The Goldilocks Zone is still the number one target.

Yet now do we have the emergence of a plausible outlier?

A source of deal life hitherto ignored?

From clients one evolutionary cycle removed from the optimal, proven norm.

What I like about this concept, is that rather than give licence for any old bizarre hunch to be tolerated as a drain on selling energy, a certain set of specific, defined characteristics – that crucially do not fit the accepted profile – can be entertained.

Whilst many seat-of-pant-ers may howl that even this stays too prescriptive or restrictive, at least it shows that you, as a sales endeavour, have considered deals both slightly out of the ordinary and which may well stay true to your treasured process.

Are your primarily preferred prospects alone?

Or does a different path lead to a cluster of potential customers beyond alternative horizons?

My suspicion is that such a separate source will, in similar manner to the hyceans, exhibit one particular trait in overwhelming force that sways the day our way.

It could revolve around the support of a specific role-holder. It could spark due to a precise moment reached in a cycle. Or it could be solely to do with the draw of a singular ‘feature’ suddenly super-attractive to a buyer with a live, burning hot, issue.

You could even model where such left-field life may be (a number of matrices could be drawn up to help).
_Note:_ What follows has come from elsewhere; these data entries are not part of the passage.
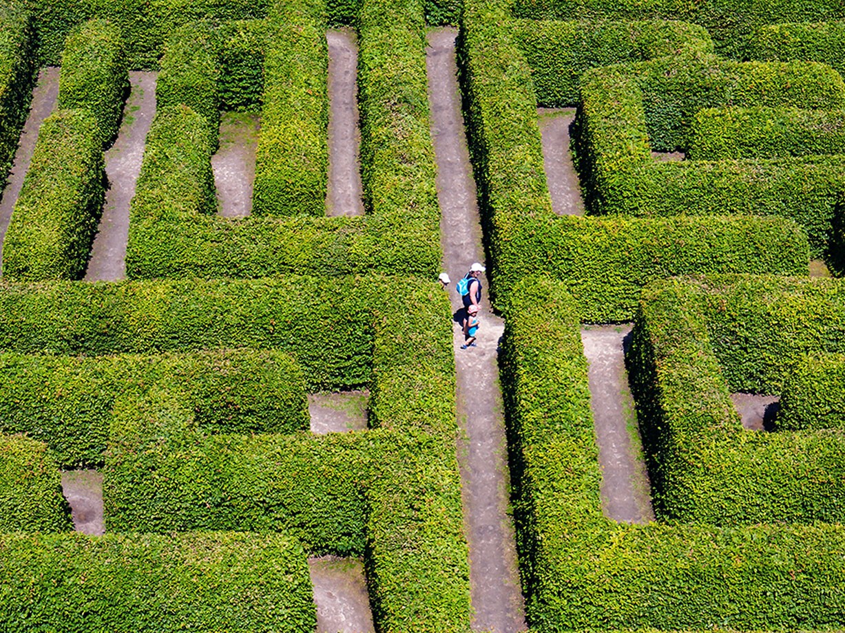 Imponujący, wspaniały, największy! Nieskończona plątanina korytarzy, ciasnych zaułków i tajnych przejść! Na śmiałków, którzy podejmą wyzwanie i zapragną dotrzeć do serca labiryntu, czeka niezwykła przygoda – pełna zagadek, niespodzianek i uśmiechu! A dla tych najodważniejszych, poszukujących dodatkowych emocji i adrenaliny, trasa po zmierzchu – gra ciemności i świateł, zaskakujących dźwięków przeszywających ciszę, no i... spotkanie z kimś ukrytym w cieniu, podążającym krok w krok – własnym strachem!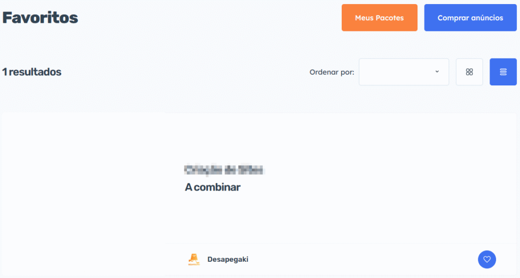 Os Favoritos são anúncios que você se interessou e quer salvar para poder visualizar mais tarde.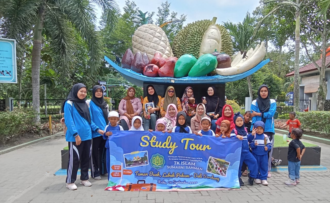 GIMIC.ID, DELI SERDANG – Yayasan Pendidikan dan Sosial Sumarni Rahman Syahputra melalui TK Islam Sumarni Rahman menggelar kegiatan study tour ke Taman Buah Lubuk Pakam, Kabupaten Deli Serdang, Rabu (24/9/2025). Kegiatan ini diikuti siswa-siswi, guru pendamping, serta orang tua murid dalam rangka pembelajaran luar kelas yang menyenangkan sekaligus edukatif.

Open the idea up to your colleagues. Ask your current customers.

Wherever it is, if you are to allow deviation from that narrowed qualification which will undoubtedly unleash greater success the more refined it is made, then I feel it must be made explicit from the off.

I guess everyone’s permitted to follow a gut-feel once in a while. But thinking in this hyceanic way I suggest gives you best chance not to lose yourself down the wormhole towards an inescapable black hole bringing the travesty of wasted time.